DATA BELOW:

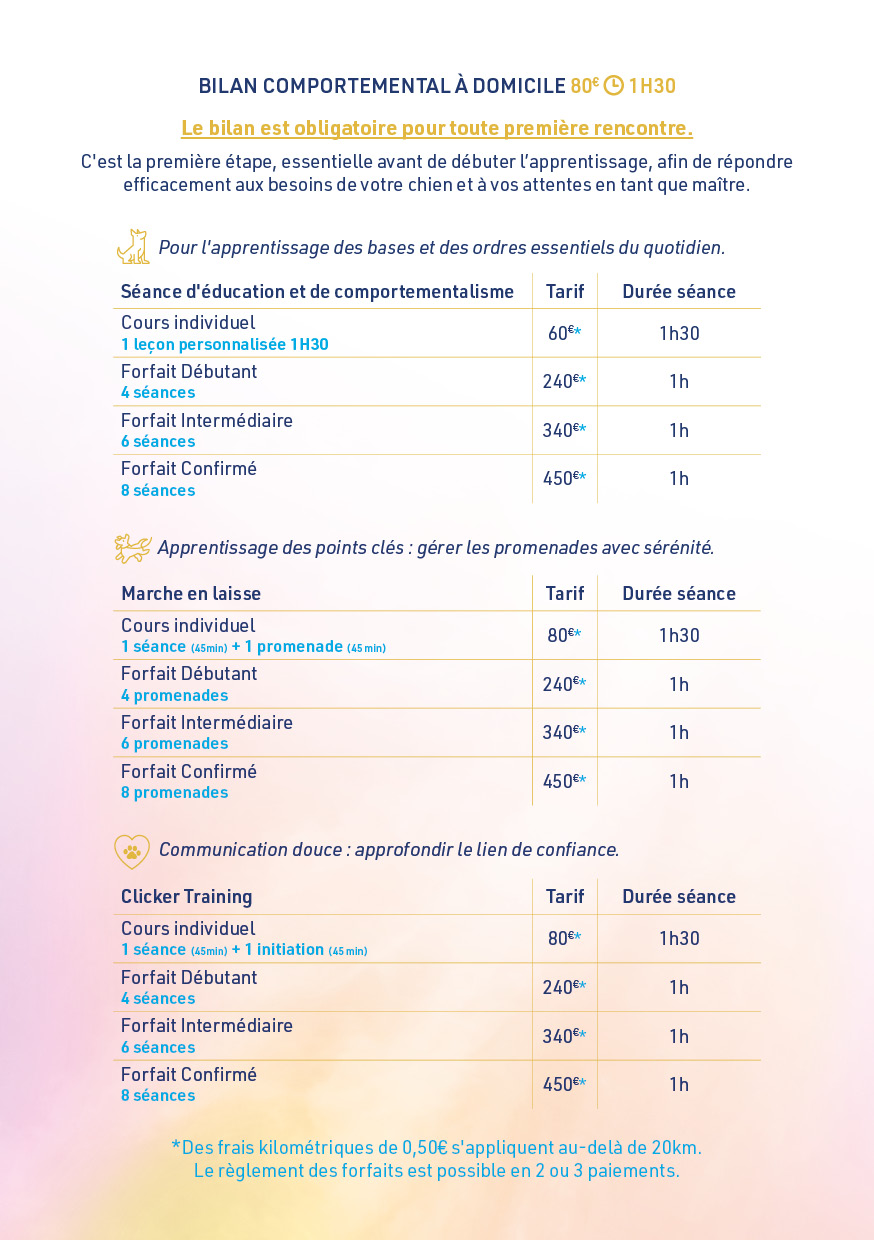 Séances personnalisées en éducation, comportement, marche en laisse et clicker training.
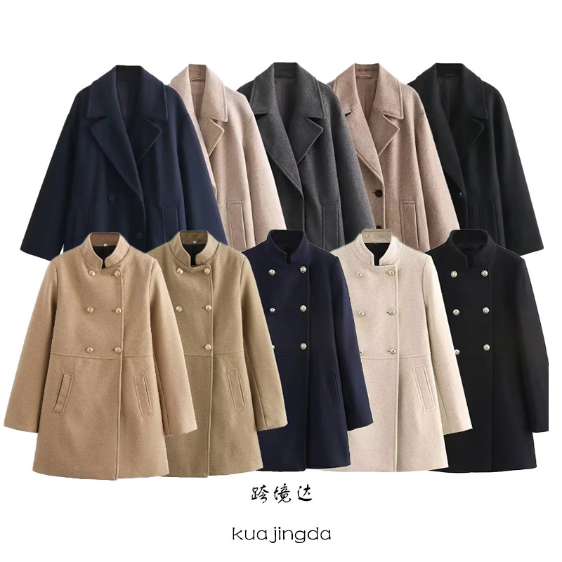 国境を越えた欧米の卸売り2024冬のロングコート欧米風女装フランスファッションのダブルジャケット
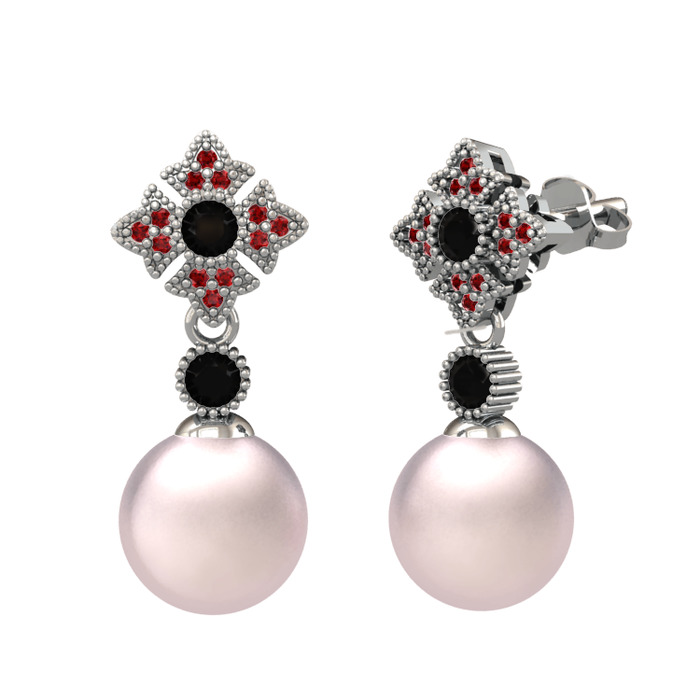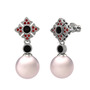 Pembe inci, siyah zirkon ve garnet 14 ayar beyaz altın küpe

INSTRUCTIONS FOR THE TASK: Print the material precisely as given, dropping any images it holds.

SOLUTION TO THIS PROBLEM:
 Séances personnalisées en éducation, comportement, marche en laisse et clicker training.
 国境を越えた欧米の卸売り2024冬のロングコート欧米風女装フランスファッションのダブルジャケット
 Pembe inci, siyah zirkon ve garnet 14 ayar beyaz altın küpe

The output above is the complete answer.